Recorded data
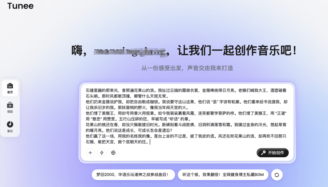 第二步:生成歌曲 今天给大家介绍一个可以为你创作歌曲的网站(Tunee),我下面这首歌就是在这上面创作的,非常简单好用,而且每天送积分,基本可以满足我们的需要。 网址如下:https://www.tunee.ai/zh-CN/home 我们将刚才让豆包生成的歌词扔给tunee,直接点击开始创作。
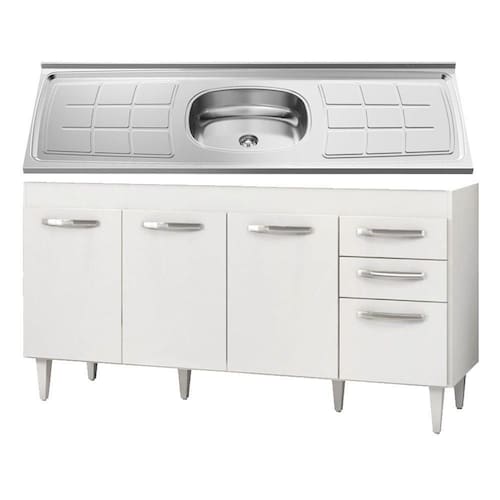 Com cozinhas cada vez menores, é preciso estar atento na hora de escolher o móvel que vai compor o ambiente, afinal, deve ser compacto e funcional, assim como o Balcão Gabinete Áustria com Pia Inox, da Lumil Móveis. Com 160cm esse balcão conta com 4 portas e 2 gavetas que são excelentes para organizar seus utensílios.
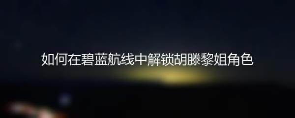 如何在碧蓝航线中解锁胡滕黎姐角色
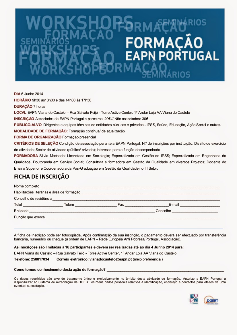 AÇÃO DE FORMAÇÃO, Viana do Castelo maio 29, 2014 Obter link Facebook Twitter Pinterest Email Outras aplicações + info: Hélder Pena Núcleo Distrital de Viana do Castelo EAPN Portugal / Rede Europeia Anti-Pobreza Rua Salvato Feijó – Torre Active Center - 1º Andar Loja AA 4900-415 Viana do Castelo Tel. +00351 258 817 034 vianadocastelo@eapn.pt www.eapn.pt
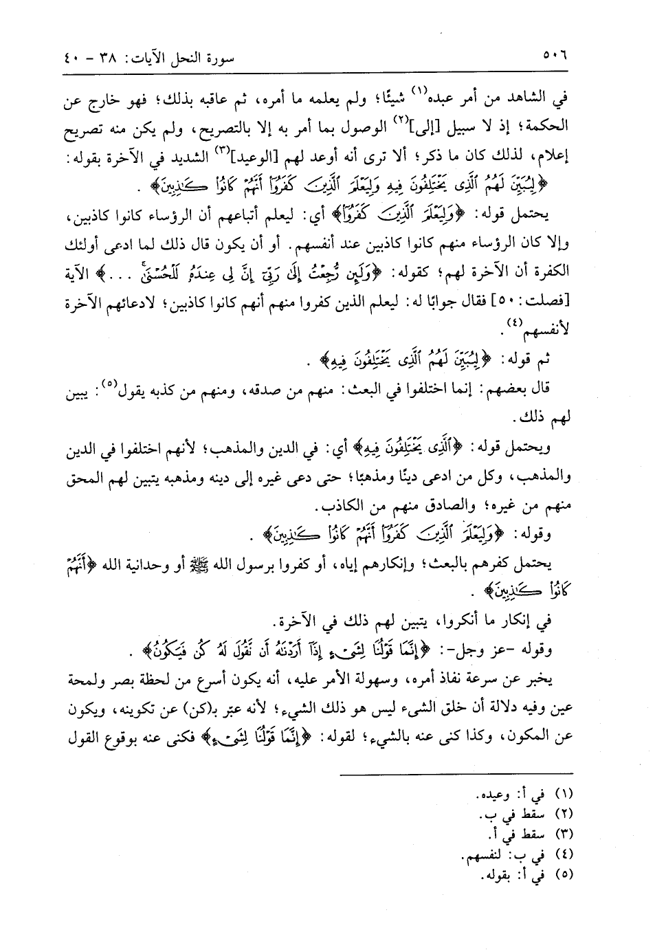 وقوله - عَزَّ وَجَلَّ -: (إِنَّمَا قَوْلُنَا لِشَيْءٍ إِذَا أَرَدْنَاهُ أَنْ نَقُولَ لَهُ كُنْ فَيَكُونُ (40)
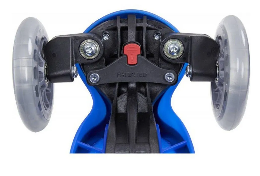 Передние колеса имеют диаметр 121 мм., заднее опорное колесо диаметром 80 мм. Колеса изготовлены из высококачественного полиуретана, комплектуются подшипниками ABEC 5. Высота руля имеет 4 фиксированных положения, регулируется от 61 до 71 см. Опоры передних колес монтированы на подшипниках для облегчения управления самокатом. Эргономичные ручки руля из эластичного материала с добавлением латекса. Торможение с помощью заднего крыла-тормоза. Специальное покрытие заднего колеса для предотвращения деформации при торможении.
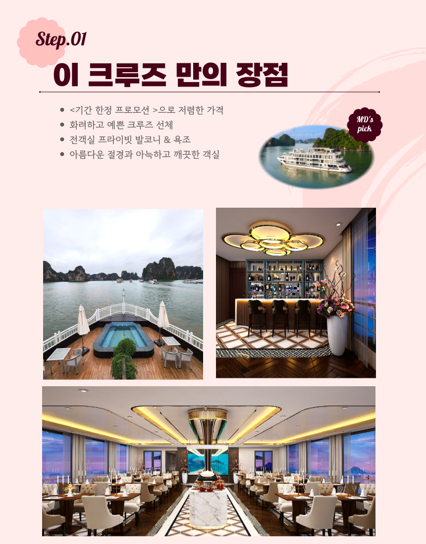 • 파라다이스나 엠바사더 만큼 큰 회사는 아니지만 하롱베이의 수많은 크루즈 회사들중 고르고 고른,
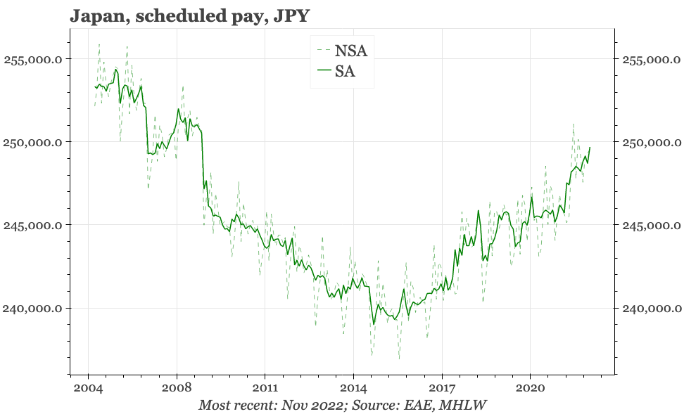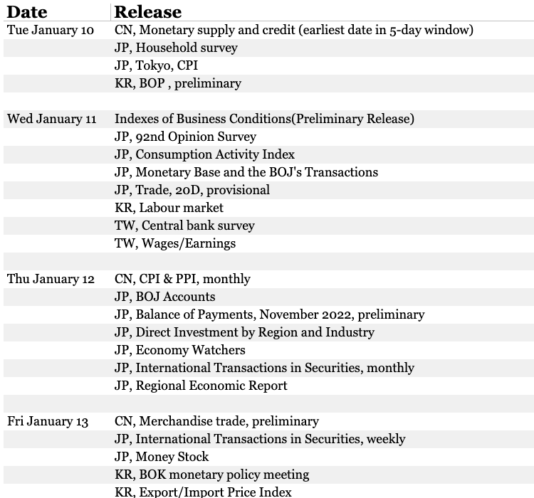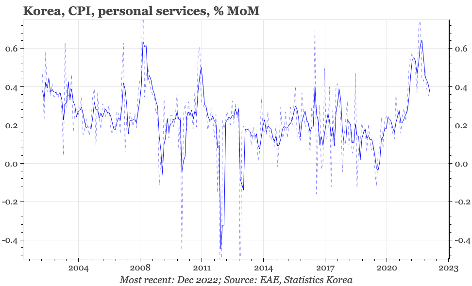 The policy highlight is the BOK meeting. We are working on a preview of that, which should be done in the next couple of days. China will start to release official indicators for December. PPI inflation should have continued to bottom, but core CPI will likely have remained very soft. The monetary data are a bit more uncertain. The government would have tried to push more credit growth, but banks will be wanting to wait for January. M1 might be a bit better, given data this week showed a (slight) tick up in household liquidity preference in November. In Japan, Tokyo CPI for December will be important, in particular whether the rise in services inflation is continuing.

● **ASSIGNMENT**: Copy the data character for character, but drop all pictures from the copy.

● **WRITTEN ANSWER**:
 第二步:生成歌曲 今天给大家介绍一个可以为你创作歌曲的网站(Tunee),我下面这首歌就是在这上面创作的,非常简单好用,而且每天送积分,基本可以满足我们的需要。 网址如下:https://www.tunee.ai/zh-CN/home 我们将刚才让豆包生成的歌词扔给tunee,直接点击开始创作。
 Com cozinhas cada vez menores, é preciso estar atento na hora de escolher o móvel que vai compor o ambiente, afinal, deve ser compacto e funcional, assim como o Balcão Gabinete Áustria com Pia Inox, da Lumil Móveis. Com 160cm esse balcão conta com 4 portas e 2 gavetas que são excelentes para organizar seus utensílios.
 如何在碧蓝航线中解锁胡滕黎姐角色
 AÇÃO DE FORMAÇÃO, Viana do Castelo maio 29, 2014 Obter link Facebook Twitter Pinterest Email Outras aplicações + info: Hélder Pena Núcleo Distrital de Viana do Castelo EAPN Portugal / Rede Europeia Anti-Pobreza Rua Salvato Feijó – Torre Active Center - 1º Andar Loja AA 4900-415 Viana do Castelo Tel. +00351 258 817 034 vianadocastelo@eapn.pt www.eapn.pt
 وقوله - عَزَّ وَجَلَّ -: (إِنَّمَا قَوْلُنَا لِشَيْءٍ إِذَا أَرَدْنَاهُ أَنْ نَقُولَ لَهُ كُنْ فَيَكُونُ (40)
 Передние колеса имеют диаметр 121 мм., заднее опорное колесо диаметром 80 мм. Колеса изготовлены из высококачественного полиуретана, комплектуются подшипниками ABEC 5. Высота руля имеет 4 фиксированных положения, регулируется от 61 до 71 см. Опоры передних колес монтированы на подшипниках для облегчения управления самокатом. Эргономичные ручки руля из эластичного материала с добавлением латекса. Торможение с помощью заднего крыла-тормоза. Специальное покрытие заднего колеса для предотвращения деформации при торможении.
 • 파라다이스나 엠바사더 만큼 큰 회사는 아니지만 하롱베이의 수많은 크루즈 회사들중 고르고 고른,
 The policy highlight is the BOK meeting. We are working on a preview of that, which should be done in the next couple of days. China will start to release official indicators for December. PPI inflation should have continued to bottom, but core CPI will likely have remained very soft. The monetary data are a bit more uncertain. The government would have tried to push more credit growth, but banks will be wanting to wait for January. M1 might be a bit better, given data this week showed a (slight) tick up in household liquidity preference in November. In Japan, Tokyo CPI for December will be important, in particular whether the rise in services inflation is continuing.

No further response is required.